YOLO Nano is a highly compact and efficient object detection neural network designed for edge devices, achieving high accuracy with significantly reduced size and computational requirements compared to Tiny YOLO variants.

Contribution

The paper introduces YOLO Nano, a novel compact neural network architecture for object detection, developed through a human-machine collaborative design process for embedded applications.

Findings

Model size of ~4.0MB, much smaller than Tiny YOLO variants.

Achieves ~69.1% mAP on VOC 2007, outperforming Tiny YOLOv2 and Tiny YOLOv3.

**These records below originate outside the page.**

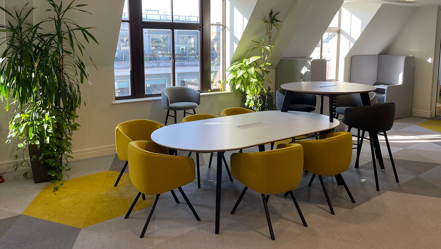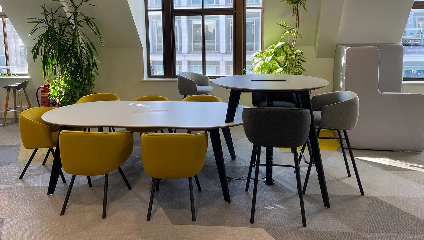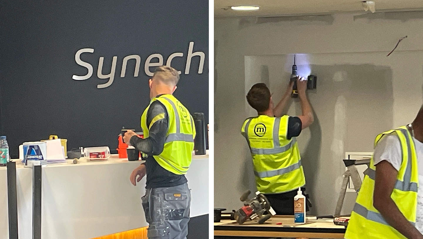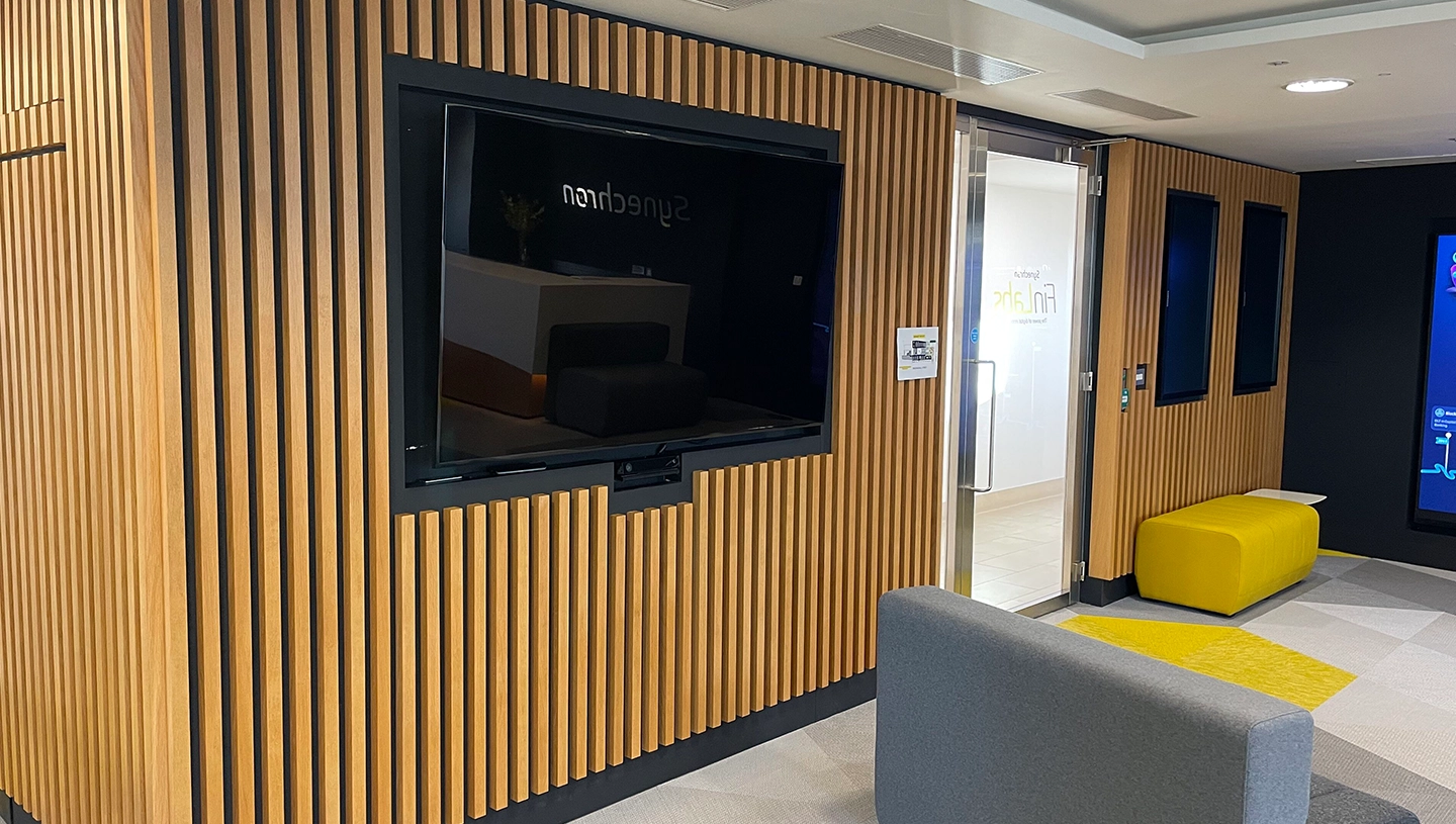 Synechron a leading global digital transformation consultancy specialising in financial services and artificial intelligence, engaged Mantra Interiors to deliver a complete installation of a large format videowall, including all associated electrical, data and construction works. The space was fully redecorated and enhanced with high-level loose furnishings and bespoke meeting tables creating a modern and functional environment.
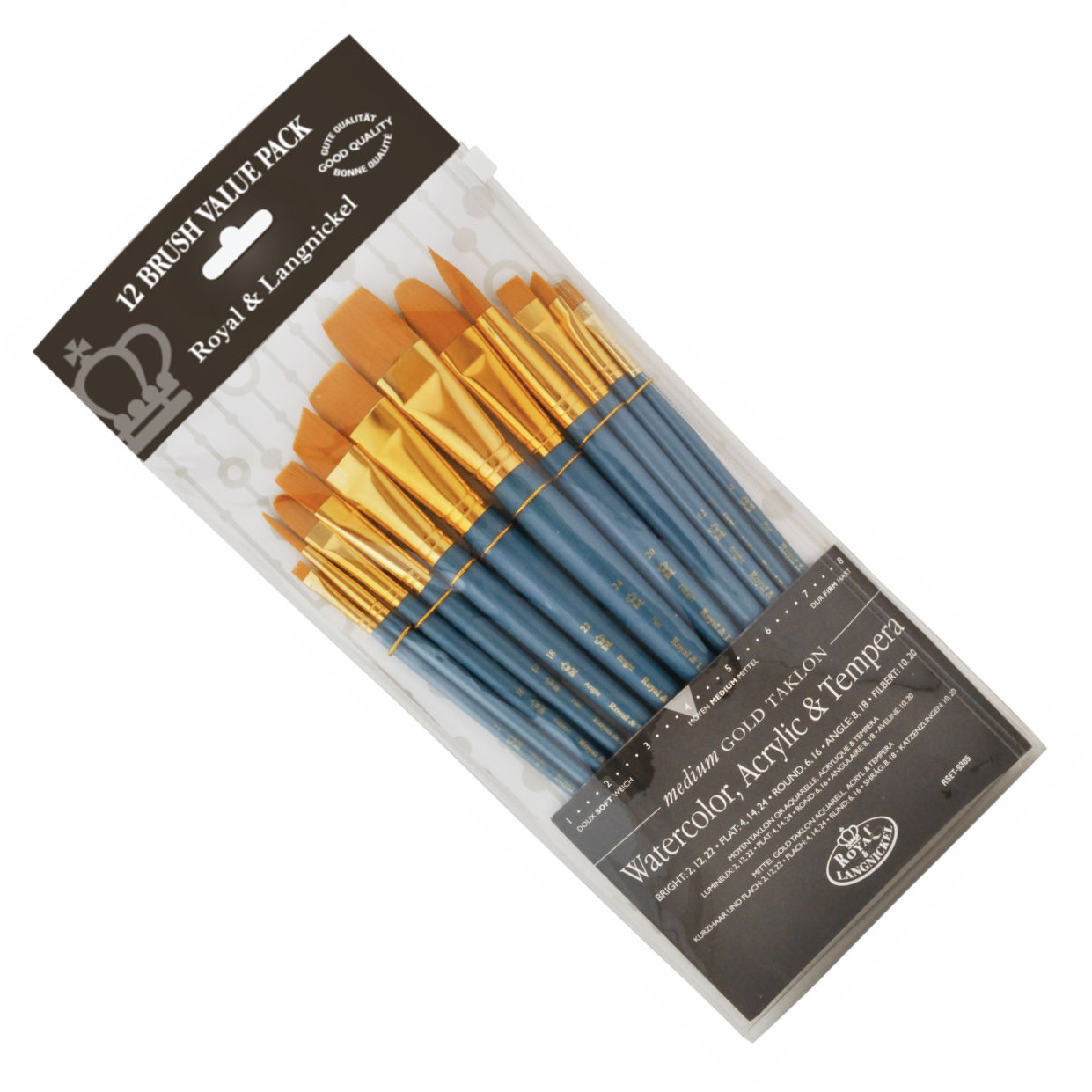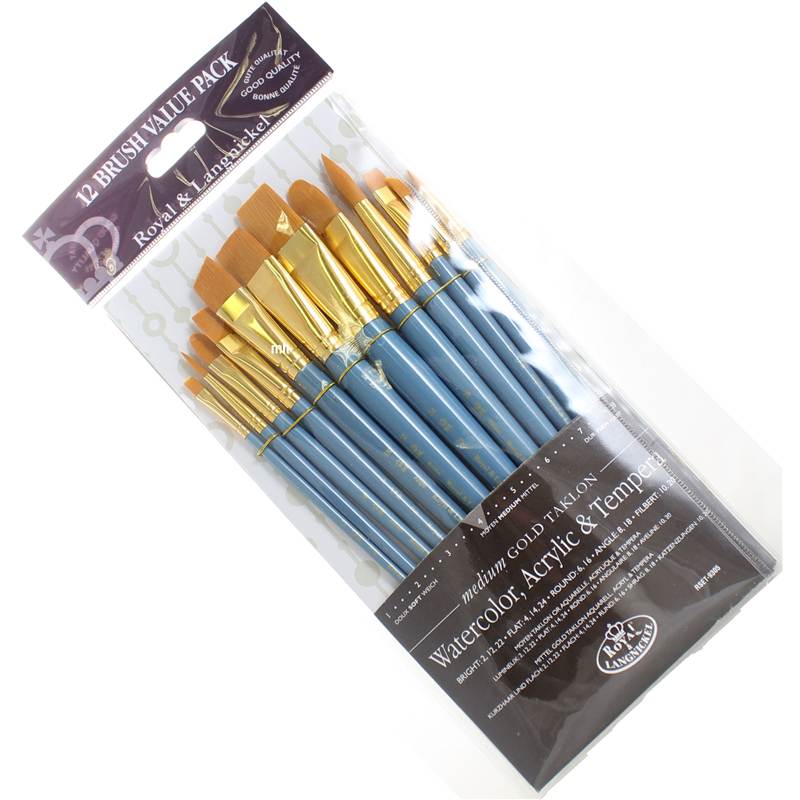 Royal & Langnickel 12 Brush Set Medium Gold Taklon Watercolour, Acrylic & Temera [Set 5]
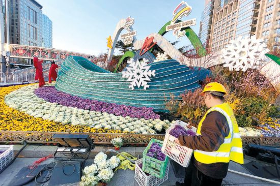 為冬殘奧會(huì)進(jìn)行景觀布置 14萬(wàn)株“超級(jí)鮮花”擺上街頭
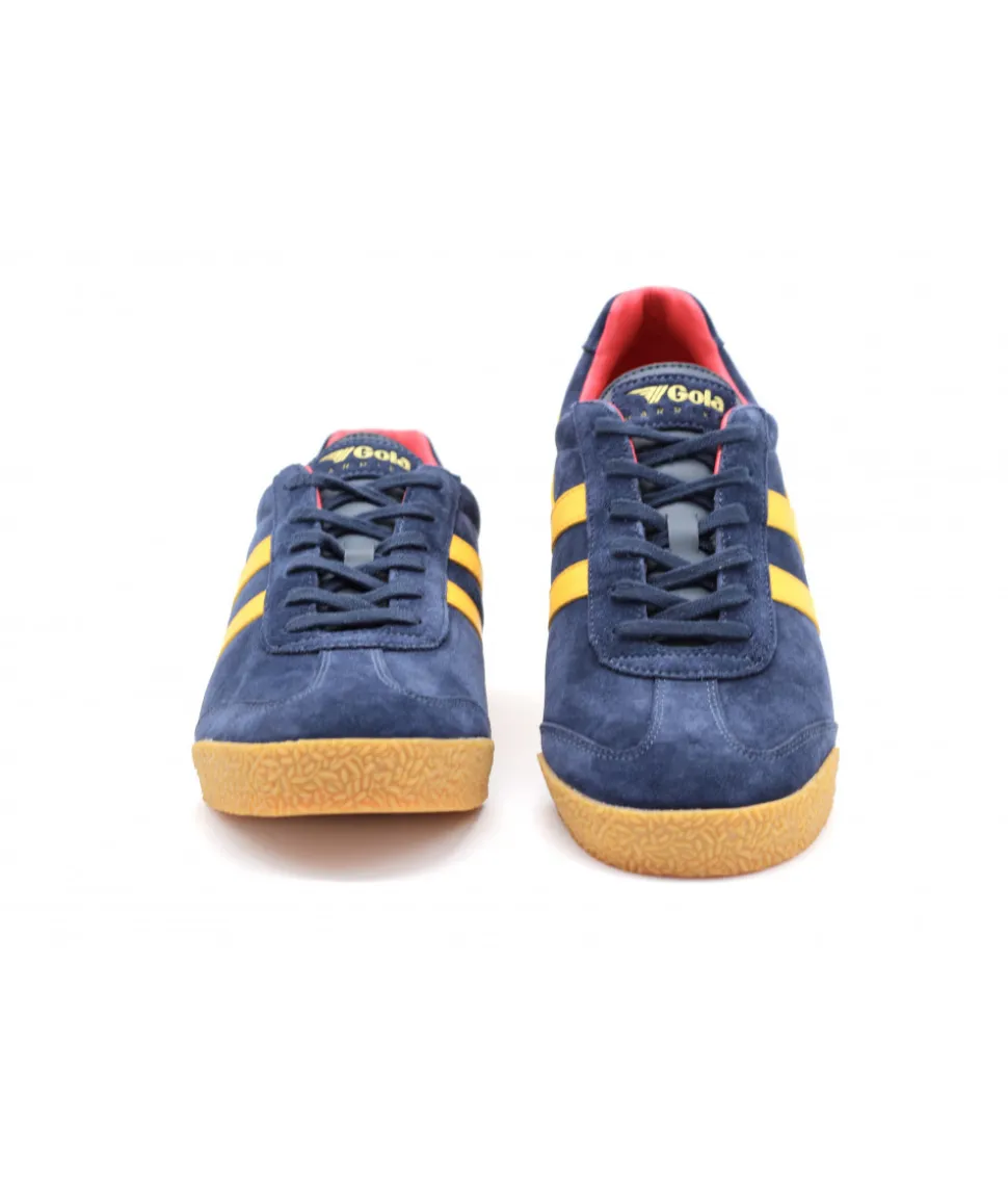 À la recherche d’une jolie basket tendance et originale ? La nouvelle GOLA est faite pour vous avec ce modèle de sneaker HARRIER CMA192 dans son coloris en cuir nubuck bleu marine. Le must-have des baskets branchées pour cette saison au look sport / chic équipées de bandes jaunes sur le côté. Sur une semelle en caoutchouc marron, cette chaussure pour hommes vous charmera forcément par sa légèreté et sa souplesse. Ses lacets quant-à eux vous apporterons beaucoup de maintien. N’attendez plus, ce sont les baskets modernes qu’il vous manquait !
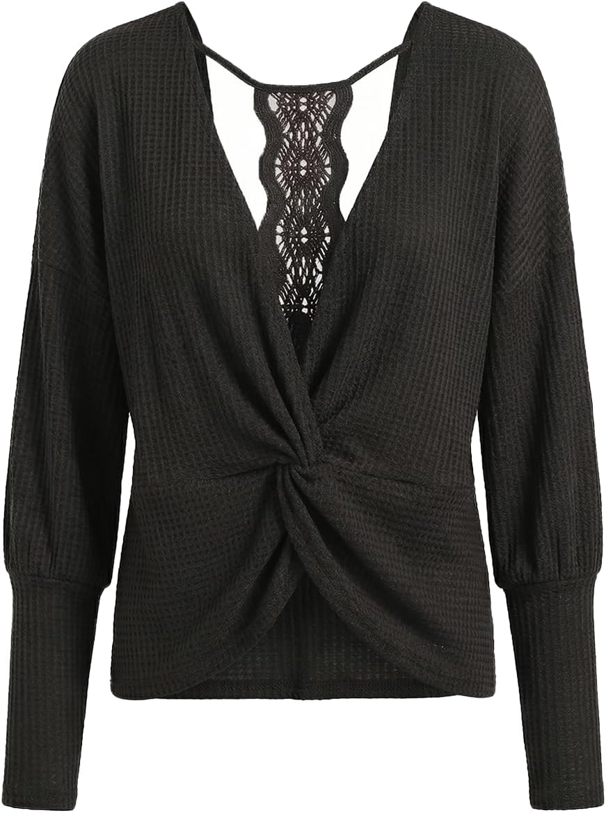 CUPSHE Womens Long Sleeve Crewneck Blouse Sexy Back Lace Ribbed Knit Tops
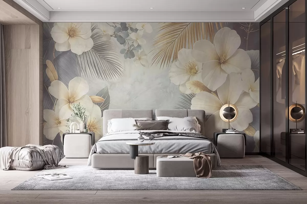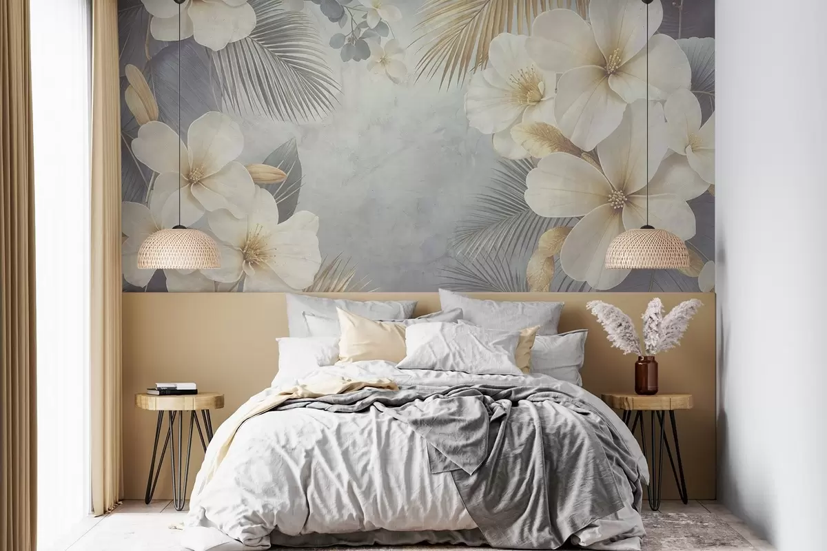 Fototapetes Tropu ziedu raksts ar lieliem baltiem un dzelteniem hibiskusa ziediem, palmu lapām pieklusinātos pelēkos un bēšos toņos Nr. w08445
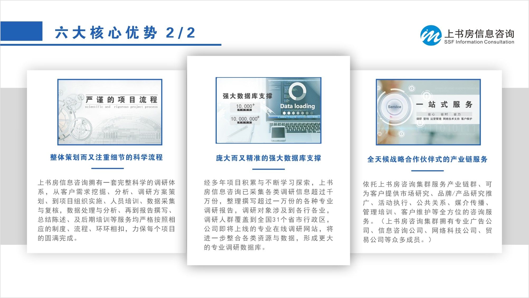 上书房信息咨询媒体研究中心提供商业地产、餐饮食品、教育旅游、通讯数码、医疗美容、汽车金融和家电产品等行业研究,服务过星河、世贸、仁恒、颐安、港中旅、绿景、远洋、香港永南食品、嘉旺、埃克斯、乐高教育、深圳市消协、联通、南方都市、世为投资、酷派、爱帝宫、美莱医院、安莉芳、斯巴鲁、平安保险等客户。
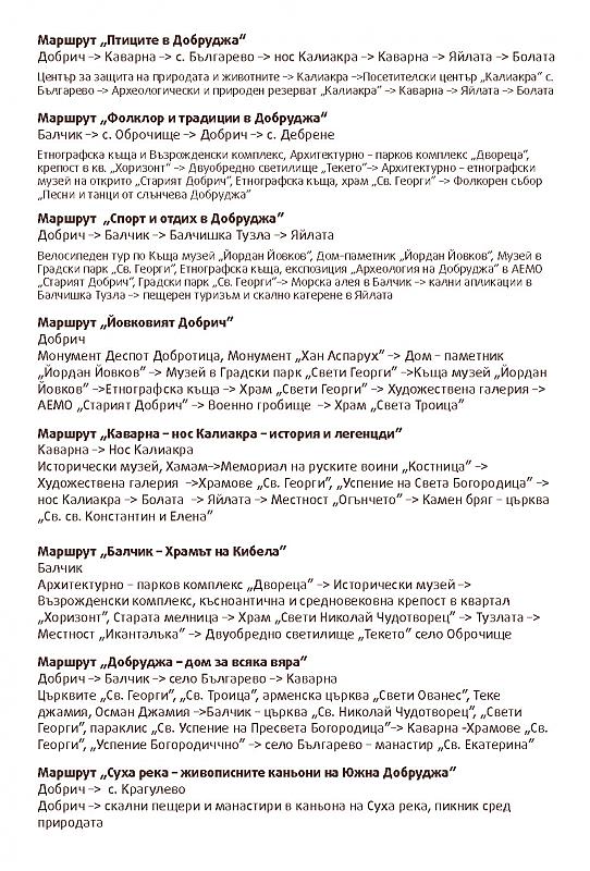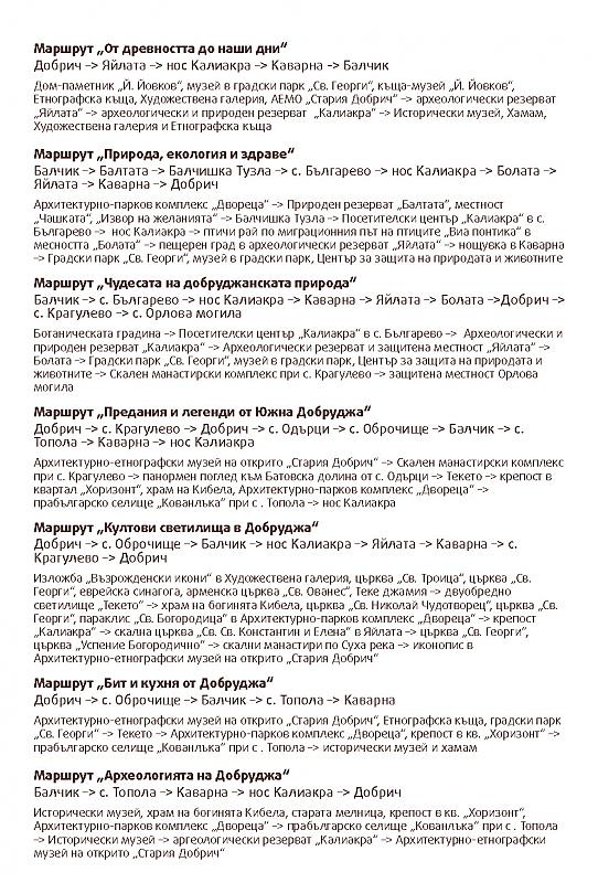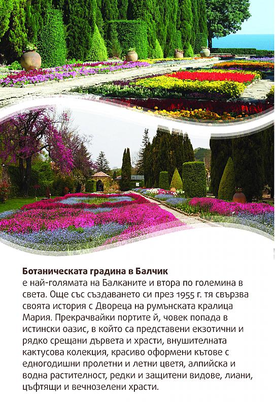 В Двореца на румънската кралица Мария в Балчик ще долови полъха на една необикновена любов, създала свят на красота и хармония. Ще поиска да се докосне до чудесата на молитвения дом на Ак Язълъ баба и св. Атанас (Текето) в село Оброчище, както и до тайнството на живота в Балчик, където се намира един от малкото запазени в света храмове на Богинята майка – Кибела, наричан археологическото откритие на нашия век. Ще научи за живота на хората, населявали някога тези земи, за възхода и залеза на държави, селища и крепости и тайните, които и до днес пази Черно море.
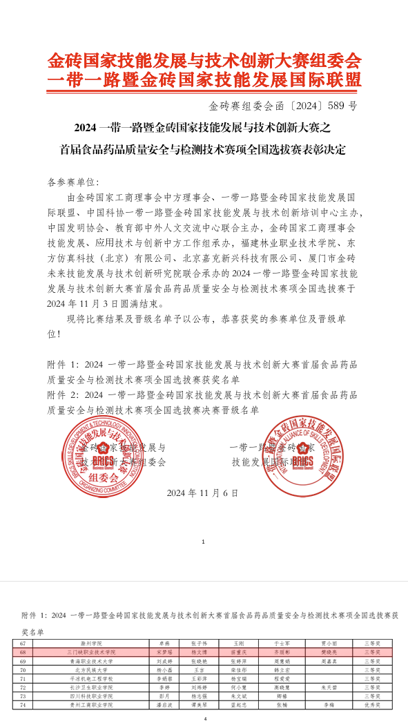 2024年11月3日,2024一带一路暨金砖国家技能发展与技术创新大赛首届食品药品质量安全与检测技术赛项全国选拔赛圆满落幕。我院食品园林学院学子宋梦瑶、杨文博、苗重庆组成的团队获全国选拔赛三等奖。
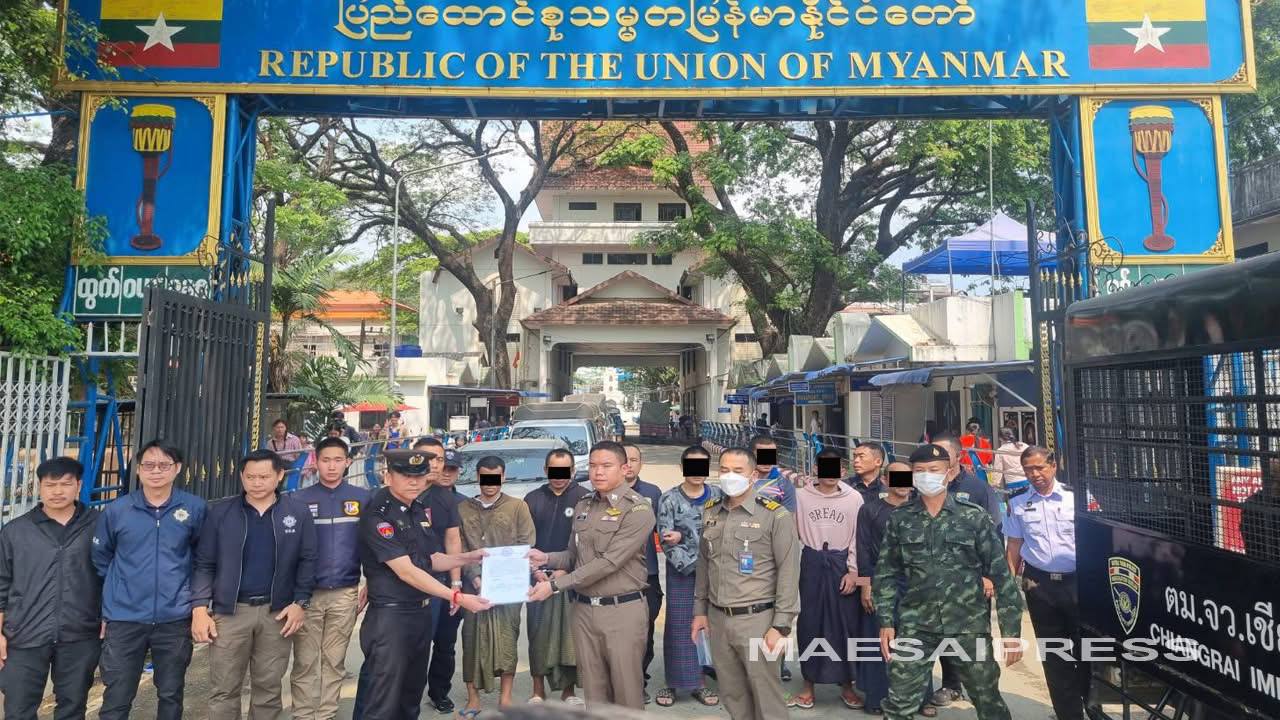 缅甸当局于今日(3月16日)上午,在缅泰1号友谊大桥,将藏匿在大其力市的7名泰国籍逃犯移交给泰国清莱府移民警察。

Requires fewer operations, suitable for embedded devices.

Abstract

Object detection remains an active area of research in the field of computer vision, and considerable advances and successes has been achieved in this area through the design of deep convolutional neural networks for tackling object detection. Despite these successes, one of the biggest challenges to widespread deployment of such object detection networks on edge and mobile scenarios is the high computational and memory requirements. As such, there has been growing research interest in the design of efficient deep neural network architectures catered for edge and mobile usage. In this study, we introduce YOLO Nano, a highly compact deep convolutional neural network for the task of object detection. A human-machine collaborative design strategy is leveraged to create YOLO Nano, where principled network design prototyping, based on design principles from the YOLO family of single-shot object detection network architectures, is coupled with machine-driven design exploration to create a compact network with highly customized module-level macroarchitecture and microarchitecture designs tailored for the task of embedded object detection. The proposed YOLO Nano possesses a model size of ~4.0MB (>15.1x and >8.3x smaller than Tiny YOLOv2 and Tiny YOLOv3, respectively) and requires 4.57B operations for inference (>34% and ~17% lower than Tiny YOLOv2 and Tiny YOLOv3, respectively) while still achieving an mAP of ~69.1% on the VOC 2007 dataset (~12% and ~10.7% higher than Tiny YOLOv2 and Tiny YOLOv3, respectively). Experiments on inference speed and power efficiency on a Jetson AGX Xavier embedded module at different power budgets further demonstrate the efficacy of YOLO Nano for embedded scenarios.